絵本/おすすめロングセラー絵本

昔話なのになぜ人気? 『おおきなかぶ』の魅力(2ページ目)

50年以上のロングセラーを誇る『おおきなかぶ』はロシアの昔話です。人気低迷がちな昔話の中で、ロシアの昔話であるこの作品はなぜ人気が高いのでしょうか? お馴染みの『おおきなかぶ』が子どもたちに愛され続けている理由を考えます。

執筆者:大橋 悦子

積み木遊びのような「ドキドキ感」が楽しめるストーリー

次に、登場人物が、かぶを抜く過程をみてみましょう。引き手が登場するたびに、「うんとこしょ どっこいしょ」という掛け声が響き、子どもたちは自然とお話に引き込まれていきますね。

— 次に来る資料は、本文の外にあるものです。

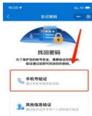
1-5 选择手机号验证界面

1、个人会员在信息验证时会员信息中留有正确手机号，可以通过手机号接收验证码方式找回密码。

そして、引き手の列は、新たな登場人物が加わるたびに長く伸びていきます。その縦長の鎖のようなつながりを後ろから前へと逆にたどりながら、お話が進み、かぶが抜けると同時に、鎖がぷっつりと切れてお話の終わりをむかえます。

ロシアのかぶ

ロシアの昔話には、大きなかぶがたびたび登場します

ロシア民話研究家の斉藤君子さんは、その面白さを積み木遊びの面白さに例えました。(※1) 『おおきなかぶ』には、今にも倒れそうなほど高く積まれた積み木に、さらに積み木を重ねる時のあの緊張感があるというのです。そして、今か今かとかぶが抜けるのを待つ、そのドキドキするような緊張感を楽しんだ後は、かぶが抜けたのを機に、(まるで倒れる積み木の様に)おじいさんからねずみへの連鎖が一気にバラバラになって物語が終わります。緊張の後に突然訪れる気持ちのよい弛緩が、子どもたちの「もう一回読んで!」につながっているのは間違いありません。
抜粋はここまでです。